Занятие не из простых и, может быть, не очень продуктивное, однако само по себе интересное. Вот здесь и возникает проблема хронотипологии художественно-эстетического сознания, или нонклассики в широком смысле слова. При этом уже понятно, что исследование ее должно строиться тоже по отдельным уровням, для начала по крайней мере по двум: а) неклассической художественной практики, или искусства, арт-деятельности, и б) соответствующей теории, претендующей на роль эстетической или имплицитно заложенной в самой практике.
Наиболее общую классификацию по первому уровню, т.е. хронотипологию искусства ХХ в. я в свое время предложил в виде схемы: авангард, модернизм, постмодернизм, консерватизм с соответствующими определениями и описаниями, которые, вам, дорогие собеседники, хорошо известны. И думаю, что именно по этому уровню, Н.Б., Вы со мной и солидарны. Не так ли? Мне представляется, что она, хотя и условная, как и любые классификации в духовной культуре, дает все-таки возможность начать более-менее строго разбираться в феноменах, явлениях, процессах, протекавших в художественной культуре ХХ в.
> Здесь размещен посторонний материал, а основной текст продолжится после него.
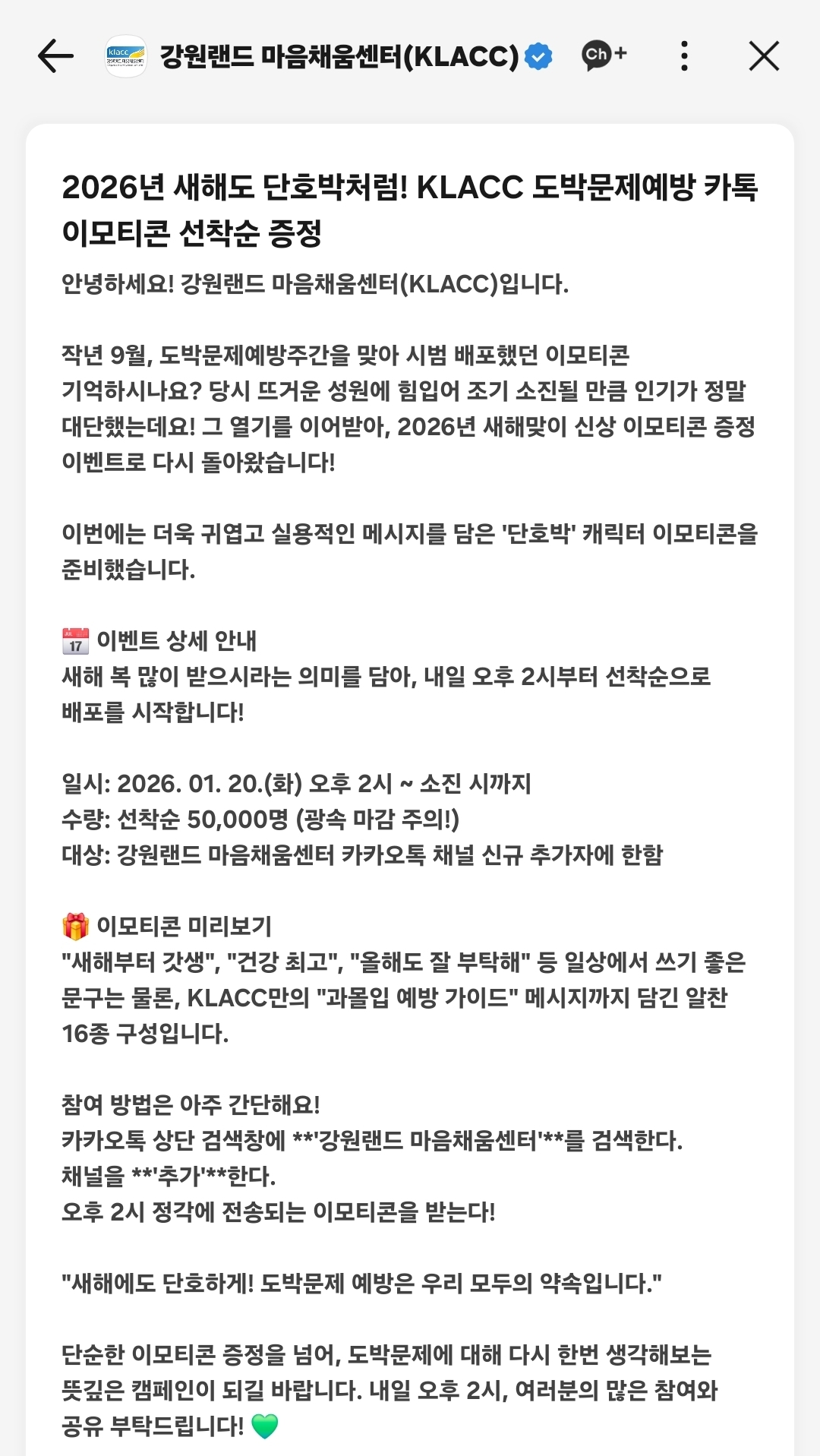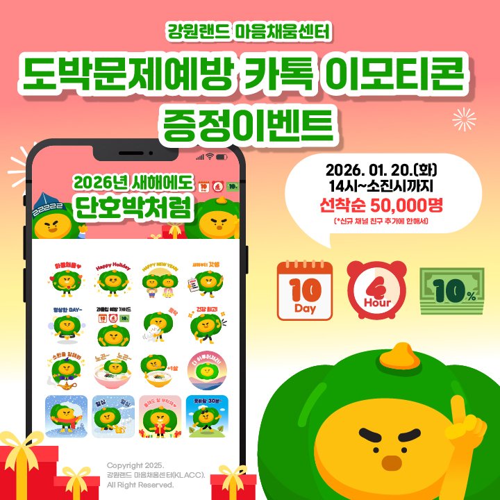 #무료이모티콘 #무료이벤트 #채널추가 #단호박 #마음체움센터 #강원랜드

Понятно, что каждый из хронотипов этой схемы – сложное и многоуровневое явление, подлежащее уже более тщательному анализу на предмет внутренней хронотипологии и поступенчатой классификации, своего рода морфологизации.
На уровне того, что можно условно назвать художественно-эстетической теорией, или, может быть, адекватнее – арт-теорией, я бы предложил разработать иную хронотипологию, ибо она в целом не совпадает с введенной мною хронотипологией арт-практики и наложение их друг на друга может привести не к прояснению проблемы, но к ее затуманиванию. Между тем, хронотипология, которую Вы, Н.Б, вводите, представляется мне смешанной и в этом плане с научной точки зрения не очень продуктивной. Вы, насколько я понимаю, не разделяете художественно-эстетическое сознание на практический и теоретический уровни, и поэтому к авангарду у Вас относятся только явления художественной практики, т.е. искусства, а к модернизму – и явления художественной практики (сюрреализм, хэппенинг), и чистые философские направления (интуитивизм, феноменология, прагматизм), и психологические механизмы творчества (поток сознания, абсурдизм, фрейдизм как объясняющий механизмы творчества). Полагаю, что этот подход требует еще доработки и корректировки. Тем не менее он заставляет меня еще раз задуматься над моей типологией, особенно над типами авангарда и модернизма. Понятно, что одновременно необходимо размышлять и над хронотипологией теоретического уровня. Здесь практически надо начинать с чистого листа.
На этом хочу закончить это и так затянувшее послание и с нетерпением жду ваших соображений, дорогие друзья и коллеги.
В.Иванов (21–28.10.05)
Дорогой В.В., когда я прочитал полученное с Вашей помощью письмо Н.Б., то озадаченно задумался о том, в какой форме мог бы я Вам обоим ответить, поскольку стало ясно, что никто из нас не парен другому и представляет позиции настолько отличные, что, в известном смысле, возможно только индивидуальное обращение к каждому из Вас. Уже после своего возвращения из Москвы, когда мы наконец-то смогли вести настоящий разговор, пришло Ваше «второе кресельное письмо», которое, казалось бы, благополучно разрешает проблему одновременного обращения к Вашим собеседникам, хотя, по сути, оно все же состоит из двух самостоятельных частей. При всем том, Вы уже давно знаете Н.Б., живете в одном городе и для вас обоих переписка носит скорее характер литературного приема, тогда как для меня, проживающего в Мюнхене, письмо не только жанр, но и почти единственное средство общаться с Вами (телефонными возможностями в данном случае можно пренебречь), а сама Н.Б. еще знакома только по одному письму.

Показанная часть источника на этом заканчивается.